Exercise:
Your response should give back each record exactly, word for word.

Material for this exercise:
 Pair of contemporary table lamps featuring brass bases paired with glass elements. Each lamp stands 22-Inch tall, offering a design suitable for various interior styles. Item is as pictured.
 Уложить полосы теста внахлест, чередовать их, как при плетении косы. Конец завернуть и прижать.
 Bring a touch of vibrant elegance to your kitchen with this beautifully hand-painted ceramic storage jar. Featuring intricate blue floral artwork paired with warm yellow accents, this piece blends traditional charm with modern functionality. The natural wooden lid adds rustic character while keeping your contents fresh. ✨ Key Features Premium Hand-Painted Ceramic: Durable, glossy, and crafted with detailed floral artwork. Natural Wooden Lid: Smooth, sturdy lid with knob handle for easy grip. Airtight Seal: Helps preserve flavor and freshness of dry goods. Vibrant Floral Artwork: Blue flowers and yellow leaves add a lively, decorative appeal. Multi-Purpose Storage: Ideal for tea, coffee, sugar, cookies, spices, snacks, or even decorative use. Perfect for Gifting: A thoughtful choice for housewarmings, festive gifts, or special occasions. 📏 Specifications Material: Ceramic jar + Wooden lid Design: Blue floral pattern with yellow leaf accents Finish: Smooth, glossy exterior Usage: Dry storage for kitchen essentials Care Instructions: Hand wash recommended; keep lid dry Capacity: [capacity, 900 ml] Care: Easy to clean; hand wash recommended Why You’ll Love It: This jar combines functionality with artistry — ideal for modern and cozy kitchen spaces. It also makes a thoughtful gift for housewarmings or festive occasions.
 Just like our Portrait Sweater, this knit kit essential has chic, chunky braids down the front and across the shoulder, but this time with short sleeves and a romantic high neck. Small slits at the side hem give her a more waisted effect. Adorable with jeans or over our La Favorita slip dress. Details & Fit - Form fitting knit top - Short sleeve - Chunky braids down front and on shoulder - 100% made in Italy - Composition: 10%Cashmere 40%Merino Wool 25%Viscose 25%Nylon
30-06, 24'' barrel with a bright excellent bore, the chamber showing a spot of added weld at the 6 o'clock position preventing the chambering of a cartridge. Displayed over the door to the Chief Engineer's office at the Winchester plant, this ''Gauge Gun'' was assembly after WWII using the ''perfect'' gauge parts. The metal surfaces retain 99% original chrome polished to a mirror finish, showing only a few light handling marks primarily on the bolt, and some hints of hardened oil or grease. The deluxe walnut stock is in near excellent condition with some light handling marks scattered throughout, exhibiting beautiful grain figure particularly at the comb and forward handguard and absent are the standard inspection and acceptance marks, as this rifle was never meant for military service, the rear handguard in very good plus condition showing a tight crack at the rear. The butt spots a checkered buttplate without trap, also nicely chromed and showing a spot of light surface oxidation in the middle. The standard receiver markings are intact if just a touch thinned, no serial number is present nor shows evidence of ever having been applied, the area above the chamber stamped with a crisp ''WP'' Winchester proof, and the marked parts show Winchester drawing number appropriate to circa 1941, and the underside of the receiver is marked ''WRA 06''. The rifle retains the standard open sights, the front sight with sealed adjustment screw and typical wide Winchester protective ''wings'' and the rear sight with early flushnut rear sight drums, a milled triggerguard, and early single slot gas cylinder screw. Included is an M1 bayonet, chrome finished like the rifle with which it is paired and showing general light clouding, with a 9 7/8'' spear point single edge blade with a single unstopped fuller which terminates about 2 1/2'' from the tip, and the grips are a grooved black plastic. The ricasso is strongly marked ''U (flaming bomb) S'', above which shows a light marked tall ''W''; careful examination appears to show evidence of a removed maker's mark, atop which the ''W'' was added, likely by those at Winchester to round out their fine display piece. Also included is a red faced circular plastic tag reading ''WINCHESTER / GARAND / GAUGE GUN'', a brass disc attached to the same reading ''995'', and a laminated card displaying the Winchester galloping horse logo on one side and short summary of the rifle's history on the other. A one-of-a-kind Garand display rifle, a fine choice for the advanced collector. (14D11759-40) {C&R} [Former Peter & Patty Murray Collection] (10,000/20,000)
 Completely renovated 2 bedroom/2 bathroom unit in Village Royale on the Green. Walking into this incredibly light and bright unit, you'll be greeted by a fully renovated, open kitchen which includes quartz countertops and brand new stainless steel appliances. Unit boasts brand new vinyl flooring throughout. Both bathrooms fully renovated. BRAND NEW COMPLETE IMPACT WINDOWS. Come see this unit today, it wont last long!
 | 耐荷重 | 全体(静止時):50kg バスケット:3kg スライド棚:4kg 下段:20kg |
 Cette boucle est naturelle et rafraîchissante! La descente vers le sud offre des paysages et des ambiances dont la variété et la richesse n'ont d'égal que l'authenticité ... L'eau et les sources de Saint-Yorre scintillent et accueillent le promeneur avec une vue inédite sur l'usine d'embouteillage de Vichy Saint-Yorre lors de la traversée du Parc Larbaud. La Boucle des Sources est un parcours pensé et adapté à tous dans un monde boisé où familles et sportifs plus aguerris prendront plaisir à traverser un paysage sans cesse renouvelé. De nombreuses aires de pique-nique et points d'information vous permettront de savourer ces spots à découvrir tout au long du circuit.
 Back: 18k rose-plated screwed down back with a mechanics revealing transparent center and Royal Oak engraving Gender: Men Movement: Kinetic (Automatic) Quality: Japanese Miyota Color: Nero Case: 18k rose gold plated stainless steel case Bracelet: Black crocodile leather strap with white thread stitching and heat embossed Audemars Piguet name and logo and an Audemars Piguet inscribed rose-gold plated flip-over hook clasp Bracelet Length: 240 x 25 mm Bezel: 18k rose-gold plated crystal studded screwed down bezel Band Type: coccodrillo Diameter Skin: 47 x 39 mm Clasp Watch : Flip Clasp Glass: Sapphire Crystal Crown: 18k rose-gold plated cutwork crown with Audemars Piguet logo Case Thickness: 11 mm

Solution:
 Pair of contemporary table lamps featuring brass bases paired with glass elements. Each lamp stands 22-Inch tall, offering a design suitable for various interior styles. Item is as pictured.
 Уложить полосы теста внахлест, чередовать их, как при плетении косы. Конец завернуть и прижать.
 Bring a touch of vibrant elegance to your kitchen with this beautifully hand-painted ceramic storage jar. Featuring intricate blue floral artwork paired with warm yellow accents, this piece blends traditional charm with modern functionality. The natural wooden lid adds rustic character while keeping your contents fresh. ✨ Key Features Premium Hand-Painted Ceramic: Durable, glossy, and crafted with detailed floral artwork. Natural Wooden Lid: Smooth, sturdy lid with knob handle for easy grip. Airtight Seal: Helps preserve flavor and freshness of dry goods. Vibrant Floral Artwork: Blue flowers and yellow leaves add a lively, decorative appeal. Multi-Purpose Storage: Ideal for tea, coffee, sugar, cookies, spices, snacks, or even decorative use. Perfect for Gifting: A thoughtful choice for housewarmings, festive gifts, or special occasions. 📏 Specifications Material: Ceramic jar + Wooden lid Design: Blue floral pattern with yellow leaf accents Finish: Smooth, glossy exterior Usage: Dry storage for kitchen essentials Care Instructions: Hand wash recommended; keep lid dry Capacity: [capacity, 900 ml] Care: Easy to clean; hand wash recommended Why You’ll Love It: This jar combines functionality with artistry — ideal for modern and cozy kitchen spaces. It also makes a thoughtful gift for housewarmings or festive occasions.
 Just like our Portrait Sweater, this knit kit essential has chic, chunky braids down the front and across the shoulder, but this time with short sleeves and a romantic high neck. Small slits at the side hem give her a more waisted effect. Adorable with jeans or over our La Favorita slip dress. Details & Fit - Form fitting knit top - Short sleeve - Chunky braids down front and on shoulder - 100% made in Italy - Composition: 10%Cashmere 40%Merino Wool 25%Viscose 25%Nylon
30-06, 24'' barrel with a bright excellent bore, the chamber showing a spot of added weld at the 6 o'clock position preventing the chambering of a cartridge. Displayed over the door to the Chief Engineer's office at the Winchester plant, this ''Gauge Gun'' was assembly after WWII using the ''perfect'' gauge parts. The metal surfaces retain 99% original chrome polished to a mirror finish, showing only a few light handling marks primarily on the bolt, and some hints of hardened oil or grease. The deluxe walnut stock is in near excellent condition with some light handling marks scattered throughout, exhibiting beautiful grain figure particularly at the comb and forward handguard and absent are the standard inspection and acceptance marks, as this rifle was never meant for military service, the rear handguard in very good plus condition showing a tight crack at the rear. The butt spots a checkered buttplate without trap, also nicely chromed and showing a spot of light surface oxidation in the middle. The standard receiver markings are intact if just a touch thinned, no serial number is present nor shows evidence of ever having been applied, the area above the chamber stamped with a crisp ''WP'' Winchester proof, and the marked parts show Winchester drawing number appropriate to circa 1941, and the underside of the receiver is marked ''WRA 06''. The rifle retains the standard open sights, the front sight with sealed adjustment screw and typical wide Winchester protective ''wings'' and the rear sight with early flushnut rear sight drums, a milled triggerguard, and early single slot gas cylinder screw. Included is an M1 bayonet, chrome finished like the rifle with which it is paired and showing general light clouding, with a 9 7/8'' spear point single edge blade with a single unstopped fuller which terminates about 2 1/2'' from the tip, and the grips are a grooved black plastic. The ricasso is strongly marked ''U (flaming bomb) S'', above which shows a light marked tall ''W''; careful examination appears to show evidence of a removed maker's mark, atop which the ''W'' was added, likely by those at Winchester to round out their fine display piece. Also included is a red faced circular plastic tag reading ''WINCHESTER / GARAND / GAUGE GUN'', a brass disc attached to the same reading ''995'', and a laminated card displaying the Winchester galloping horse logo on one side and short summary of the rifle's history on the other. A one-of-a-kind Garand display rifle, a fine choice for the advanced collector. (14D11759-40) {C&R} [Former Peter & Patty Murray Collection] (10,000/20,000)
 Completely renovated 2 bedroom/2 bathroom unit in Village Royale on the Green. Walking into this incredibly light and bright unit, you'll be greeted by a fully renovated, open kitchen which includes quartz countertops and brand new stainless steel appliances. Unit boasts brand new vinyl flooring throughout. Both bathrooms fully renovated. BRAND NEW COMPLETE IMPACT WINDOWS. Come see this unit today, it wont last long!
 | 耐荷重 | 全体(静止時):50kg バスケット:3kg スライド棚:4kg 下段:20kg |
 Cette boucle est naturelle et rafraîchissante! La descente vers le sud offre des paysages et des ambiances dont la variété et la richesse n'ont d'égal que l'authenticité ... L'eau et les sources de Saint-Yorre scintillent et accueillent le promeneur avec une vue inédite sur l'usine d'embouteillage de Vichy Saint-Yorre lors de la traversée du Parc Larbaud. La Boucle des Sources est un parcours pensé et adapté à tous dans un monde boisé où familles et sportifs plus aguerris prendront plaisir à traverser un paysage sans cesse renouvelé. De nombreuses aires de pique-nique et points d'information vous permettront de savourer ces spots à découvrir tout au long du circuit.
 Back: 18k rose-plated screwed down back with a mechanics revealing transparent center and Royal Oak engraving Gender: Men Movement: Kinetic (Automatic) Quality: Japanese Miyota Color: Nero Case: 18k rose gold plated stainless steel case Bracelet: Black crocodile leather strap with white thread stitching and heat embossed Audemars Piguet name and logo and an Audemars Piguet inscribed rose-gold plated flip-over hook clasp Bracelet Length: 240 x 25 mm Bezel: 18k rose-gold plated crystal studded screwed down bezel Band Type: coccodrillo Diameter Skin: 47 x 39 mm Clasp Watch : Flip Clasp Glass: Sapphire Crystal Crown: 18k rose-gold plated cutwork crown with Audemars Piguet logo Case Thickness: 11 mm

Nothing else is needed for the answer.